● Records to process
━━━━
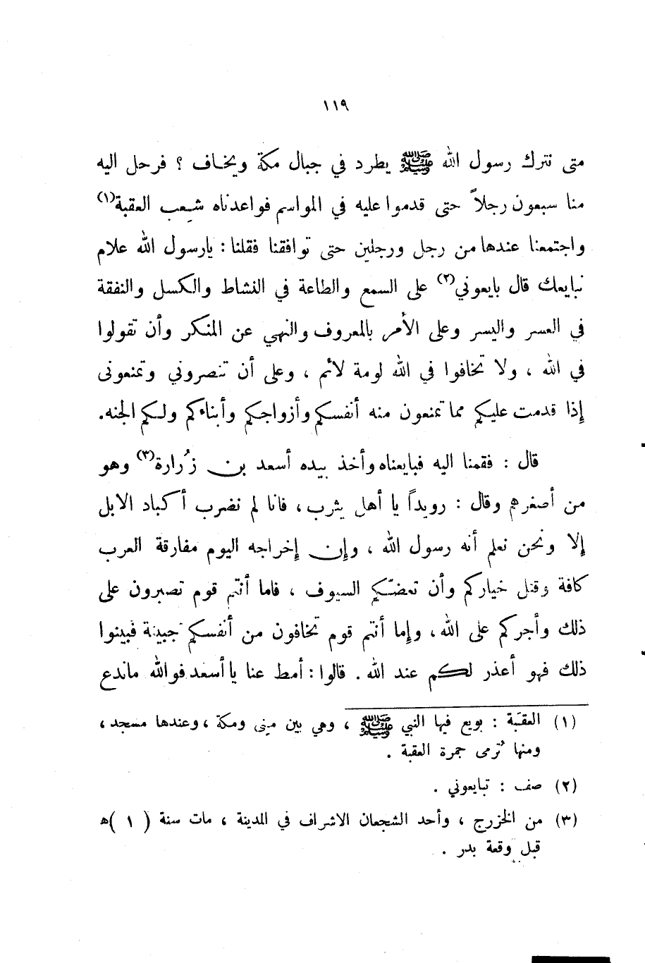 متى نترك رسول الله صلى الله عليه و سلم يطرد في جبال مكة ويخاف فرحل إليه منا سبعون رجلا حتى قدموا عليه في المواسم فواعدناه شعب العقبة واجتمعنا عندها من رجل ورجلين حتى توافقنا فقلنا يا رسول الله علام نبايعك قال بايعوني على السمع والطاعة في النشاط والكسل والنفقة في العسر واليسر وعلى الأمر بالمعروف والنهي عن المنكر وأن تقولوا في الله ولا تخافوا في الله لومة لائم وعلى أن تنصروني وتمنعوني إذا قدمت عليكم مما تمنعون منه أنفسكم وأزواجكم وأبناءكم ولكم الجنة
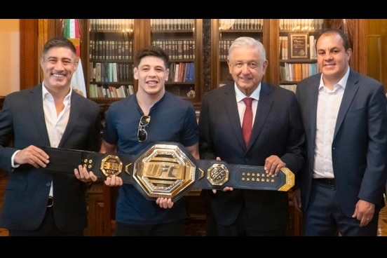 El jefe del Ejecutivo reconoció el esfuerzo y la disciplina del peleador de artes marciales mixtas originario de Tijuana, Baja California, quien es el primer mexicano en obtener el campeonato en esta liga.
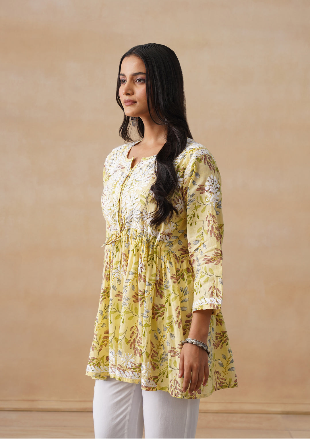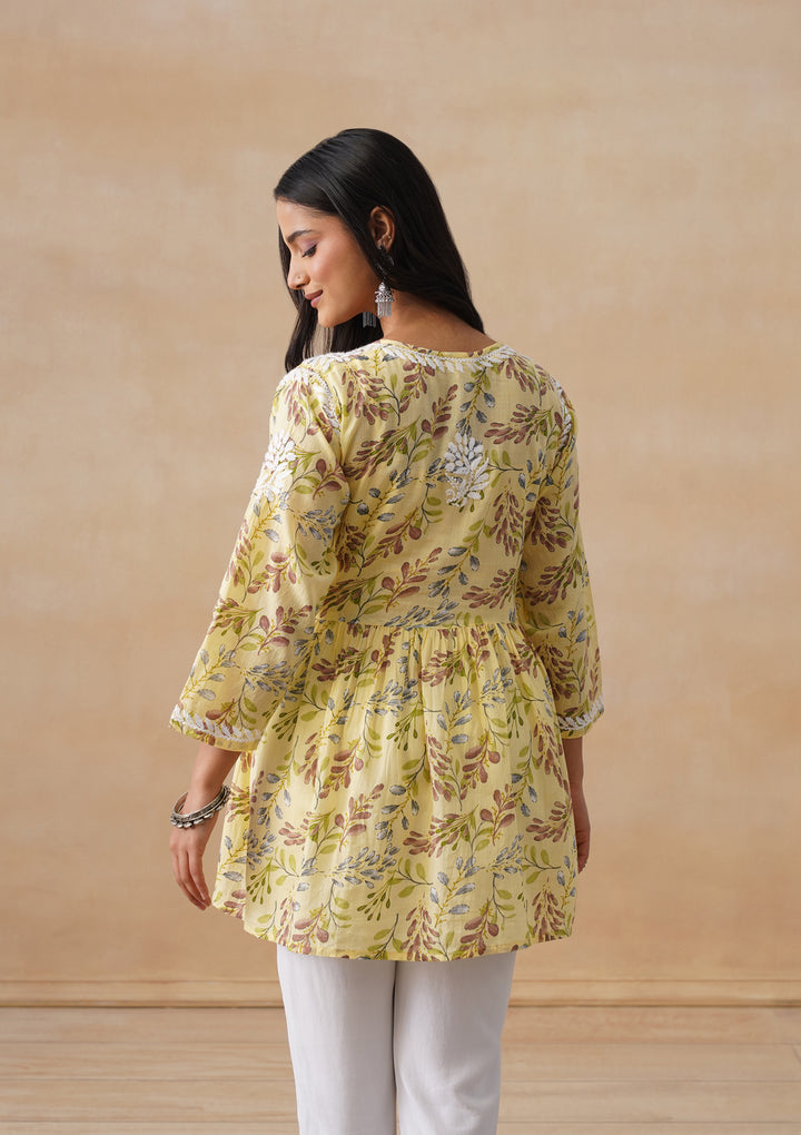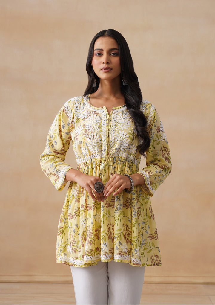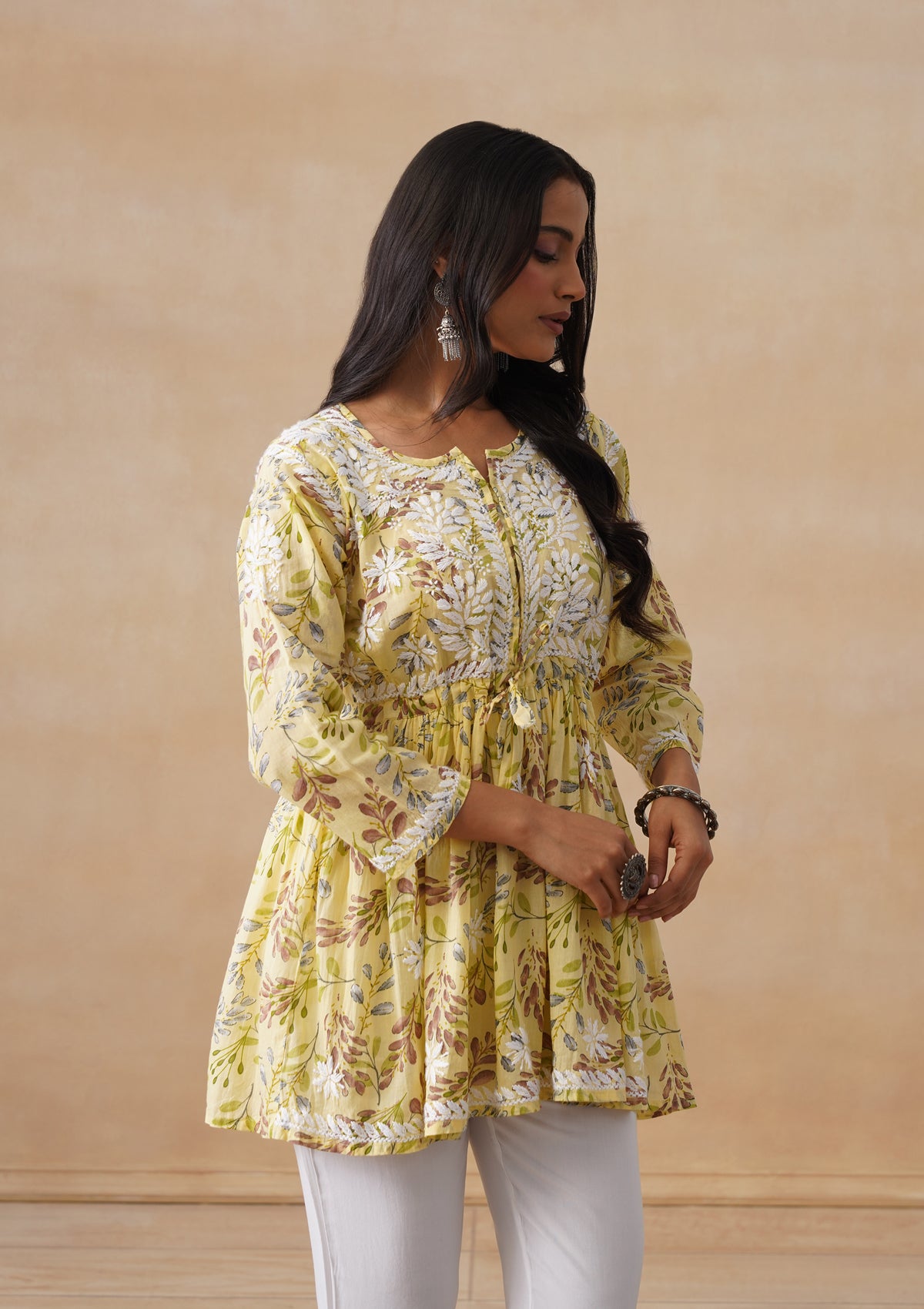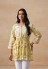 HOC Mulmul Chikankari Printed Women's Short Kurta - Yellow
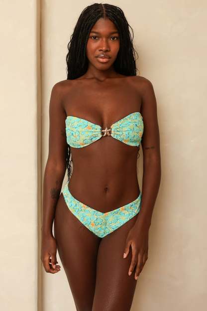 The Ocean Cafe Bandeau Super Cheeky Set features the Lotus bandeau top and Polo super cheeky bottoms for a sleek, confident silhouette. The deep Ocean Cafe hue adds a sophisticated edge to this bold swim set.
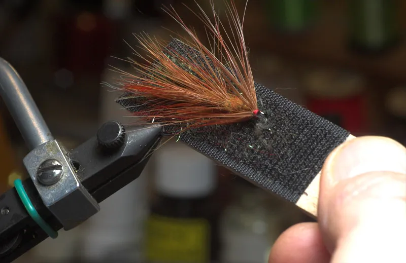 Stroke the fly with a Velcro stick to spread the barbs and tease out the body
━━━━
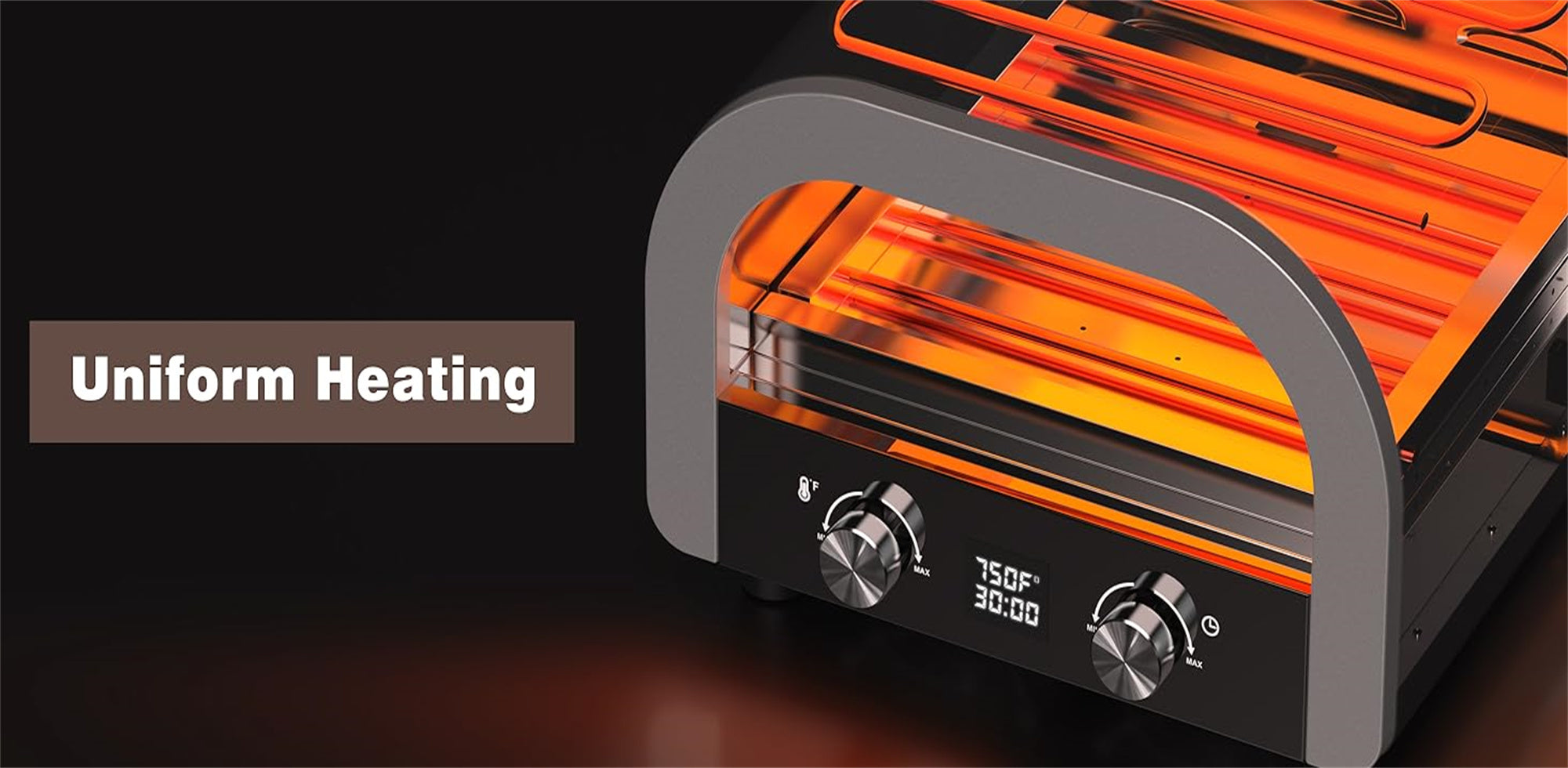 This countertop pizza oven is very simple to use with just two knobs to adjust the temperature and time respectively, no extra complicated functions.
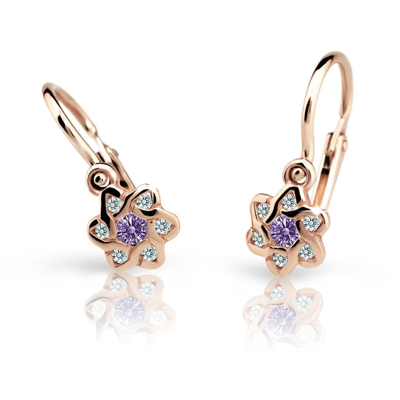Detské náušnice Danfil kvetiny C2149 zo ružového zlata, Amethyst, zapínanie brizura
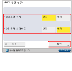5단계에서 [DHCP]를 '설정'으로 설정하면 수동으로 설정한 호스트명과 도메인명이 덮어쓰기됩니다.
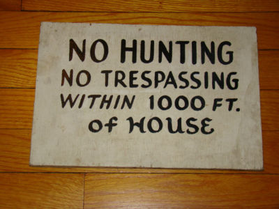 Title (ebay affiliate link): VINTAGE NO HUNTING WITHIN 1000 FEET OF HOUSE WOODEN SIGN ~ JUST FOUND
━━━━
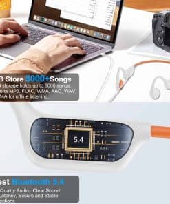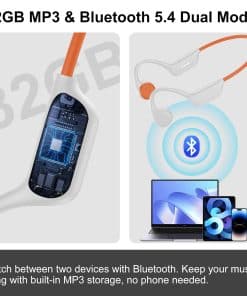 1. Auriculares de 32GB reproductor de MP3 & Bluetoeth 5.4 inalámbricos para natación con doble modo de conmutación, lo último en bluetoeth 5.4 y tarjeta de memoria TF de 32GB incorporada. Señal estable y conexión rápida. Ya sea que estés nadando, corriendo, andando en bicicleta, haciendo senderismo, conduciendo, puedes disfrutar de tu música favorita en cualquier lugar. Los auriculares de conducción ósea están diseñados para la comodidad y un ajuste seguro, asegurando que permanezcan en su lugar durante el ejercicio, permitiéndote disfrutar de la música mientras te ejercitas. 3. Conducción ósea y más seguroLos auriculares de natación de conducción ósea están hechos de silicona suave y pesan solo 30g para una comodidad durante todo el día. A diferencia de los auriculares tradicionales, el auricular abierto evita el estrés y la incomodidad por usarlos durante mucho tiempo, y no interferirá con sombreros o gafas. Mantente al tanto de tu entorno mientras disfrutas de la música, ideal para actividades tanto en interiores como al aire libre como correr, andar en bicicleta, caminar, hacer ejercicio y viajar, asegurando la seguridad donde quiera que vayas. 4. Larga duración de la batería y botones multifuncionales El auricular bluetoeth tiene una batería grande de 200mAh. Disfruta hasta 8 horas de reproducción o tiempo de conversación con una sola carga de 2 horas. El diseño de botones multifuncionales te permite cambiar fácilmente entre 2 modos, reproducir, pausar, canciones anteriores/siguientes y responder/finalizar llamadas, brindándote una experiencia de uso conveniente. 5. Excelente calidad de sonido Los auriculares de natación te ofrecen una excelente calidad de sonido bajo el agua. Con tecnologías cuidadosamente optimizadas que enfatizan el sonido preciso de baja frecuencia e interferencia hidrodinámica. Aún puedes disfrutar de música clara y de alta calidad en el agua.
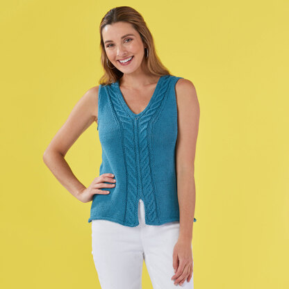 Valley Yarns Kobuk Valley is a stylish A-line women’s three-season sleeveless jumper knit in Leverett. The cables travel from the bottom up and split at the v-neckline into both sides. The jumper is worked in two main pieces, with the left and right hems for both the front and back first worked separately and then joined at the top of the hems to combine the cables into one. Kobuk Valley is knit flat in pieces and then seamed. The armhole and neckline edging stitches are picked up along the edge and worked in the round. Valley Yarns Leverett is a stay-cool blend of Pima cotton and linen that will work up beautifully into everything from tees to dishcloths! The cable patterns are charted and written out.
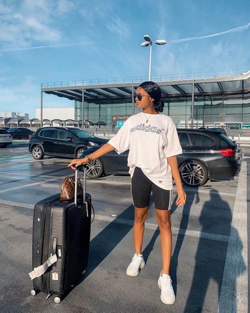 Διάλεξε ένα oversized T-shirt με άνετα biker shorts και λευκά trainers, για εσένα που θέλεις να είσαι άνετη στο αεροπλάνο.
━━━━
● Work order
Look above and copy only the lines from the one holding "متى نترك رسول" to the one holding "Stroke the fly", both included, exactly, minus the pictures.

● Solved problem
 متى نترك رسول الله صلى الله عليه و سلم يطرد في جبال مكة ويخاف فرحل إليه منا سبعون رجلا حتى قدموا عليه في المواسم فواعدناه شعب العقبة واجتمعنا عندها من رجل ورجلين حتى توافقنا فقلنا يا رسول الله علام نبايعك قال بايعوني على السمع والطاعة في النشاط والكسل والنفقة في العسر واليسر وعلى الأمر بالمعروف والنهي عن المنكر وأن تقولوا في الله ولا تخافوا في الله لومة لائم وعلى أن تنصروني وتمنعوني إذا قدمت عليكم مما تمنعون منه أنفسكم وأزواجكم وأبناءكم ولكم الجنة
 El jefe del Ejecutivo reconoció el esfuerzo y la disciplina del peleador de artes marciales mixtas originario de Tijuana, Baja California, quien es el primer mexicano en obtener el campeonato en esta liga.
 HOC Mulmul Chikankari Printed Women's Short Kurta - Yellow
 The Ocean Cafe Bandeau Super Cheeky Set features the Lotus bandeau top and Polo super cheeky bottoms for a sleek, confident silhouette. The deep Ocean Cafe hue adds a sophisticated edge to this bold swim set.
 Stroke the fly with a Velcro stick to spread the barbs and tease out the body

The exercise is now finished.